With the success of Deng’s “socialism with Chinese characteristics,” China’s economic miracle appeared to confirm that it was firmly on the path toward development and modernization.
Changing perceptions of China’s trajectory have been reflected in the US’ relationship with it. During World War II, China was the US’ ally. Indeed, in 1943, the wife of Nationalist leader Chiang Kai-shek (蔣介石) testified before the US Congress about how then-US president Franklin Roosevelt’s “four freedoms” applied to a China at war with Japan.
However, the belief that the relationship was based on shared values was dashed by the CCP’s victory in 1949, leading to the suggestion that the US had somehow “lost China.” Such hopes were revived, to some extent, with the re-establishment of diplomatic relations and, later, the reform era. Believing that economic development and a growing middle class would lead to political liberalization, the US again engaged with China.
This hope was reinforced through the 1990s and 2000s, when Chinese officials began to experiment with elections at the village level, and the CCP leadership changed regularly after two terms. China joined the WTO and hosted the 2008 Summer Olympics in Beijing.
As the journalist Jim Mann once said, it was the expectation of political reform that underlay US interactions with China, even after the Tiananmen Square massacre in 1989.
Yet, over the past decade, that expectation has been called into question. While China’s per capita income was rising and its middle class growing, democracy did not arrive. Political scientists stopped predicting the CCP’s collapse and began asking instead why the one-party authoritarian state has been so resilient, and whether the period of reform and opening up had come to an end.
As Xi’s “New Era” shows, the answer is a resounding yes.
Consider the rise of digital technologies. Instead of allowing the Internet to result in greater freedom, China constructed a “Great Firewall.” It has also developed what political scientists call “digital Leninism,” in which technology enables an unprecedented level of state surveillance.
Similarly, China’s market economy has not grown increasingly privatized. Instead, the government has maintained control of the most important state-owned enterprises and private enterprise serves state priorities. In the realm of politics, democratic experimentation is confined to the local level, permitted only insofar as it strengthens CCP rule.
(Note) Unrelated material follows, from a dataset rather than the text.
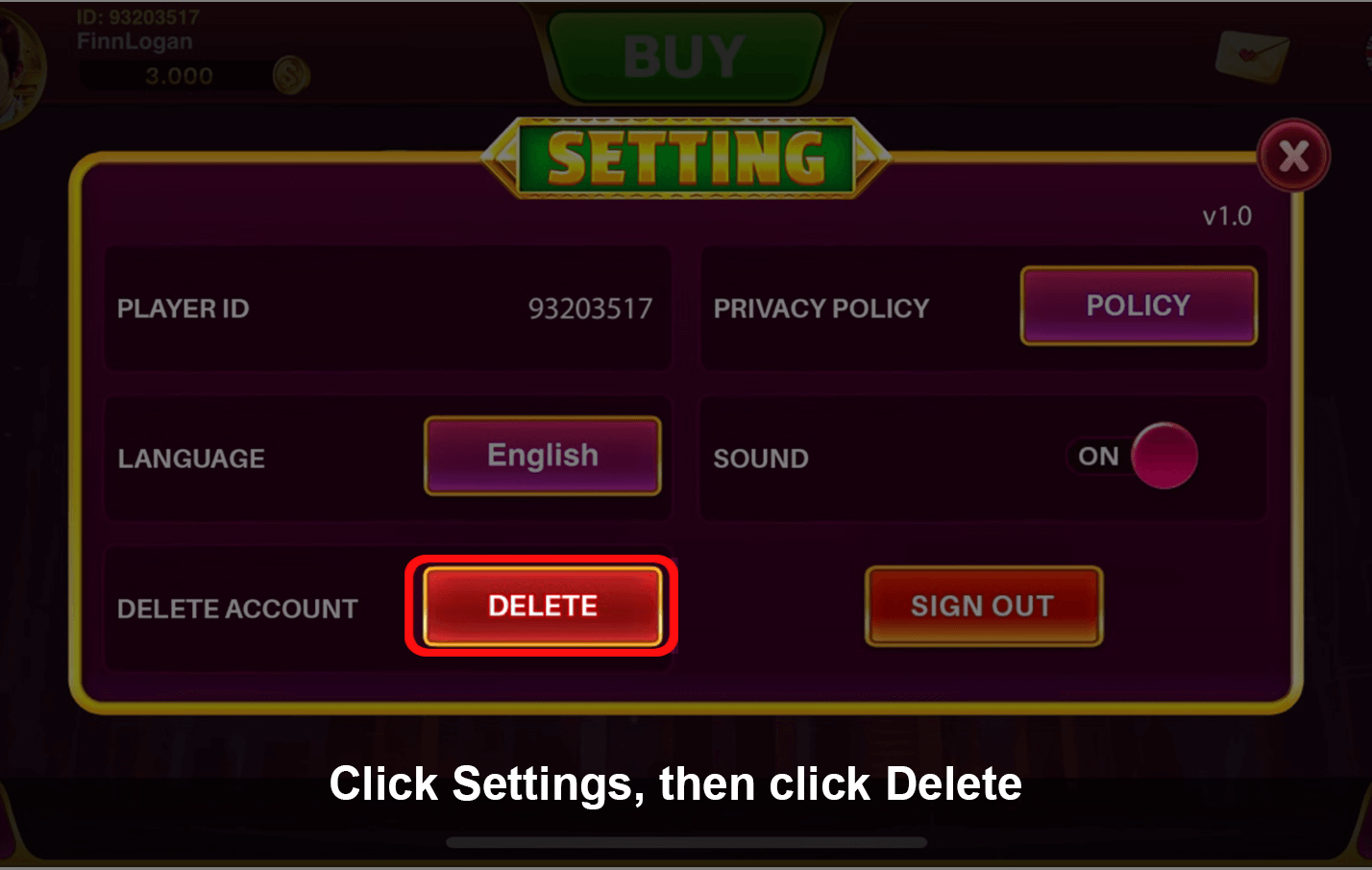 1. Step 1: Click "Setting" -> "Delete Account" button at middle of popup

So was the reform era yet another aberration in China’s history, not unlike the Republican period? One way to approach this question is to imagine modern Chinese history as resembling the double-helix structure of DNA, comprising a strand of openness and one of authoritarianism.
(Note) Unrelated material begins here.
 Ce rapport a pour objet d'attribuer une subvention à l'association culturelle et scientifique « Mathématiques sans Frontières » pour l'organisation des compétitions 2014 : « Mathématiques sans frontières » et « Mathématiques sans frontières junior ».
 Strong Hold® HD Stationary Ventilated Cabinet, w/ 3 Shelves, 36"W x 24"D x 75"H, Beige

For example, many think of the reform era, especially the 1980s, as a time of pluralistic political discourse and an increasingly vibrant civil society, but it was also defined by adherence to Deng’s “four cardinal principles”: the socialist road; the people’s democratic dictatorship; the leadership of the CCP; and Marxism, Leninism and Mao Zedong Thought.
Just as Deng presided over China’s reform and opening up, he presided over the Tiananmen Square massacre. Similarly, the Republican era had new universities and professions — including lawyers — but it also had Chiang’s “White Terror” and the conservative “New Life” movement.
In short, even when the Chinese tapestry featured a reformist weft, it was always woven into an authoritarian warp. In Xi’s “New Era,” it is the authoritarian strand that is dominant. History will tell whether a recessive strand of openness might persist.
Denise Ho is a professor of history at Yale University.